Work request —
Without the pictures, give the listing below again exactly.

Material provided —

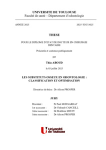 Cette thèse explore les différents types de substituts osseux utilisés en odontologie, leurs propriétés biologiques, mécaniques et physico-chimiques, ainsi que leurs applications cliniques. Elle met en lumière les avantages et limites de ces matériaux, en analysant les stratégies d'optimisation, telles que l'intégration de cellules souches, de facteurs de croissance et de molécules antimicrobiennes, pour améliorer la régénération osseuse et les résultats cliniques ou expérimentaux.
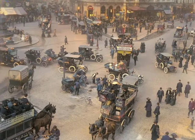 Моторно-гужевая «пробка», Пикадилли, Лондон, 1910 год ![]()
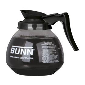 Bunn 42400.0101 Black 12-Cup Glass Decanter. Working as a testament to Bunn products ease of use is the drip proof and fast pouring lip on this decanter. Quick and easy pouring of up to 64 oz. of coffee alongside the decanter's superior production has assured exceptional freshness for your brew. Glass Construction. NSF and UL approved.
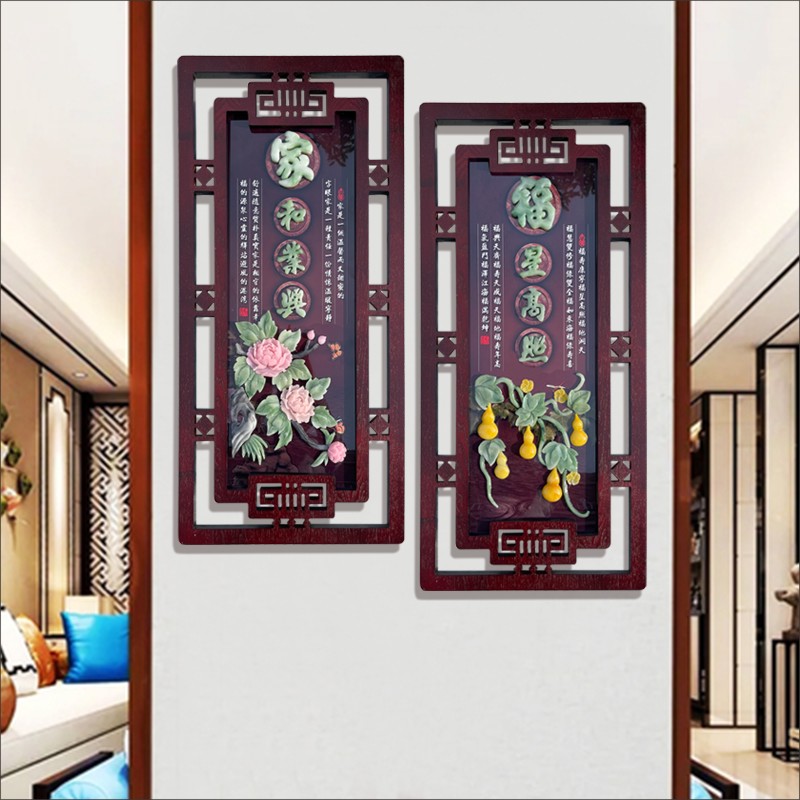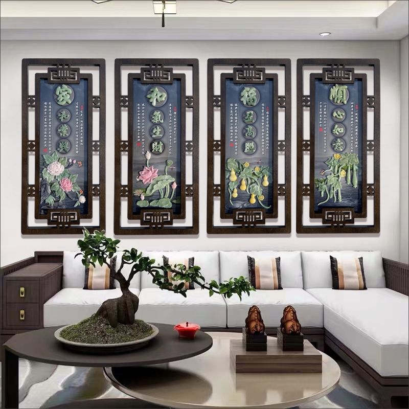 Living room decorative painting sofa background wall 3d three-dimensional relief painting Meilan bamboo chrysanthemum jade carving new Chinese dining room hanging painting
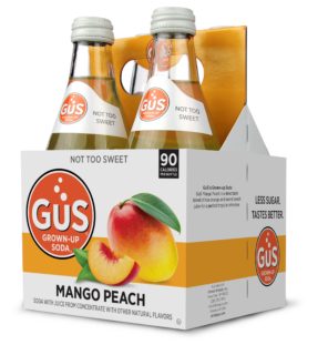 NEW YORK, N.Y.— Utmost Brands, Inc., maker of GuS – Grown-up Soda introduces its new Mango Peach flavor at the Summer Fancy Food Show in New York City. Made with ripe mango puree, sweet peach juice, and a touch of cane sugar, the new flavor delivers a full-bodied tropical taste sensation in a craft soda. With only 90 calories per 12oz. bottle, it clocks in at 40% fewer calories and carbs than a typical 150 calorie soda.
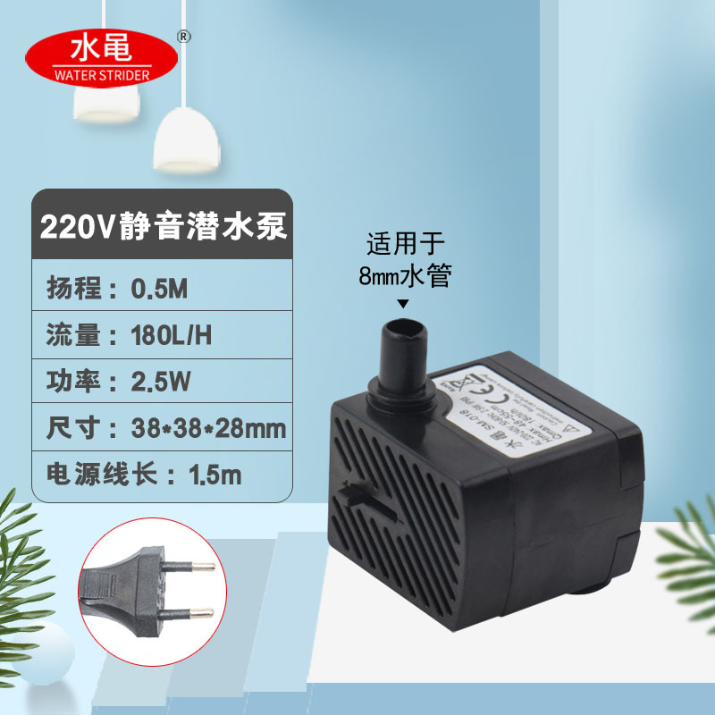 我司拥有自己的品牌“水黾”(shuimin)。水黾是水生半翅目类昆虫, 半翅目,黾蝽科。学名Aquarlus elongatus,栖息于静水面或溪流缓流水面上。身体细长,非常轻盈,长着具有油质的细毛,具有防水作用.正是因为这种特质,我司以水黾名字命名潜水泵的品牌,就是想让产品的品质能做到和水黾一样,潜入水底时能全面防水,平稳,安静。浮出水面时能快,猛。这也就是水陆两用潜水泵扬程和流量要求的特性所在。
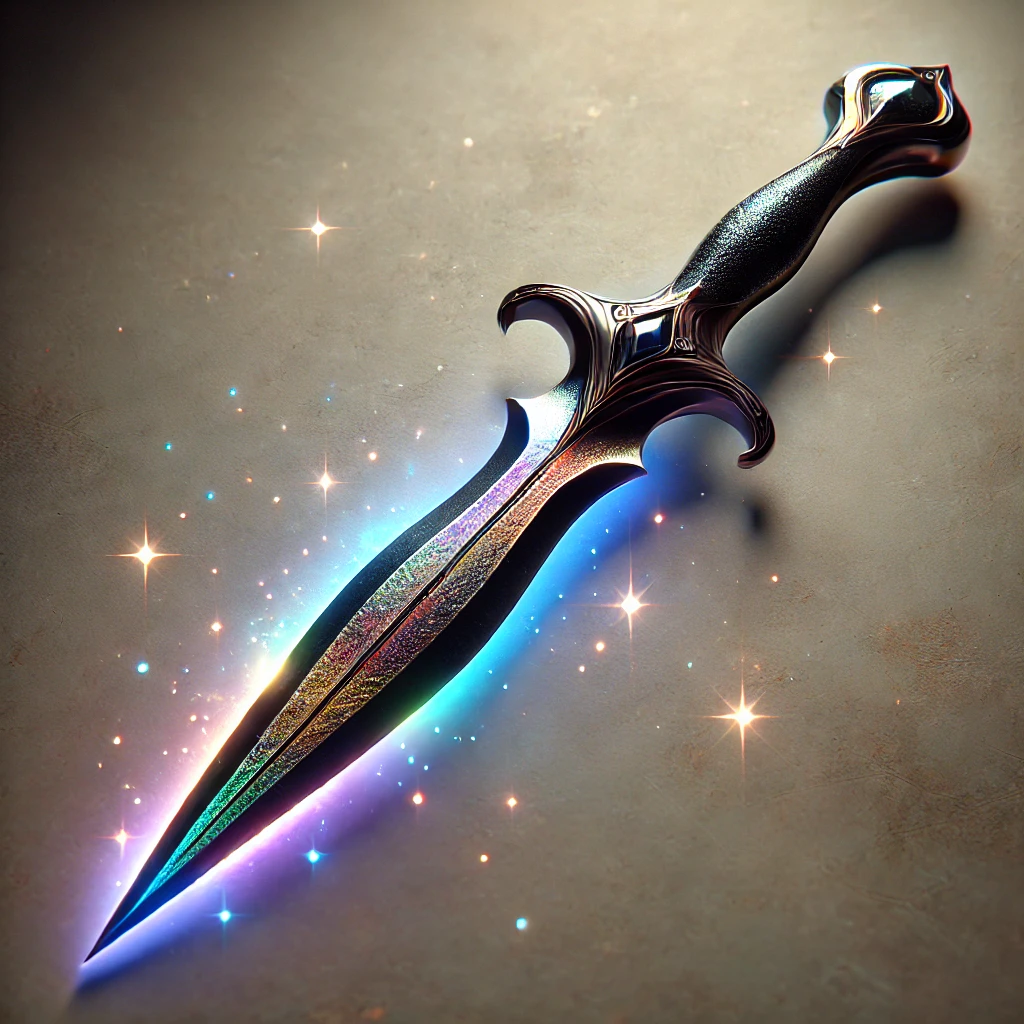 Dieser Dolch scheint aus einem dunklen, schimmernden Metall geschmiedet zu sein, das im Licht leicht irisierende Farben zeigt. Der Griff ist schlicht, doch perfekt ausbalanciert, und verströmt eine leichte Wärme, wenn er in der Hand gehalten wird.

Response —
 Cette thèse explore les différents types de substituts osseux utilisés en odontologie, leurs propriétés biologiques, mécaniques et physico-chimiques, ainsi que leurs applications cliniques. Elle met en lumière les avantages et limites de ces matériaux, en analysant les stratégies d'optimisation, telles que l'intégration de cellules souches, de facteurs de croissance et de molécules antimicrobiennes, pour améliorer la régénération osseuse et les résultats cliniques ou expérimentaux.
 Моторно-гужевая «пробка», Пикадилли, Лондон, 1910 год ![]()
 Bunn 42400.0101 Black 12-Cup Glass Decanter. Working as a testament to Bunn products ease of use is the drip proof and fast pouring lip on this decanter. Quick and easy pouring of up to 64 oz. of coffee alongside the decanter's superior production has assured exceptional freshness for your brew. Glass Construction. NSF and UL approved.
 Living room decorative painting sofa background wall 3d three-dimensional relief painting Meilan bamboo chrysanthemum jade carving new Chinese dining room hanging painting
 NEW YORK, N.Y.— Utmost Brands, Inc., maker of GuS – Grown-up Soda introduces its new Mango Peach flavor at the Summer Fancy Food Show in New York City. Made with ripe mango puree, sweet peach juice, and a touch of cane sugar, the new flavor delivers a full-bodied tropical taste sensation in a craft soda. With only 90 calories per 12oz. bottle, it clocks in at 40% fewer calories and carbs than a typical 150 calorie soda.
 我司拥有自己的品牌“水黾”(shuimin)。水黾是水生半翅目类昆虫, 半翅目,黾蝽科。学名Aquarlus elongatus,栖息于静水面或溪流缓流水面上。身体细长,非常轻盈,长着具有油质的细毛,具有防水作用.正是因为这种特质,我司以水黾名字命名潜水泵的品牌,就是想让产品的品质能做到和水黾一样,潜入水底时能全面防水,平稳,安静。浮出水面时能快,猛。这也就是水陆两用潜水泵扬程和流量要求的特性所在。
 Dieser Dolch scheint aus einem dunklen, schimmernden Metall geschmiedet zu sein, das im Licht leicht irisierende Farben zeigt. Der Griff ist schlicht, doch perfekt ausbalanciert, und verströmt eine leichte Wärme, wenn er in der Hand gehalten wird.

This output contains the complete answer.